Voss and Josh glanced at Turcotte. Unless they played their trump card, it was his case.

Turcotte nodded. “Absolutely. Nothing to see anyway.”

Coogan made a beeline for the exit, stepping onto the platform that had been pushed up against the aircraft and hurrying down the stairs. Josh and Voss followed, with Turcotte and Aria Fernandez bringing up the rear.

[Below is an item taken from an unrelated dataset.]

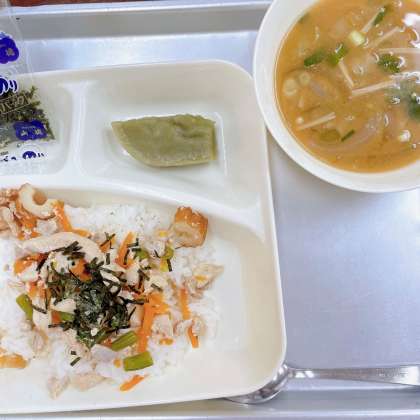 5月25日の給食は「かやくごはん、みそ汁、まっ茶ういろう、牛乳」でした。新茶の季節に合わせて、手作りの「まっ茶ういろう」が登場しました。

On the tarmac, Nala Chang strode toward them accompanied by a pair of Boston police officers. Amongst the muddle of Massport, FBI, Massachusetts State Police, and Boston P.D. personnel were Lieutenant Arsenault from SOCOM and Norris from Black Pine. They had corralled a local detective and Josh didn’t like the huddle the three men seemed to be in. Turcotte held the reins on this case; they shouldn’t be speaking out of school to anyone without the FBI’s go-ahead.

Don’t jump to conclusions
, he told himself. Easier said than done, though, considering how much Norris got under his skin. Arsenault seemed like a straight shooter, though.
Maybe they’re just talking about the dead terrorist in the baggage compartment
.

“Cozy little tête-à-tête,” Voss muttered as she joined him on the tarmac.

Josh nodded.

Turcotte headed straight for Chang. Josh and Voss held back, letting Coogan and Aria pass them.
Troubleshooter
had many meanings, but for now they were just helpful observers.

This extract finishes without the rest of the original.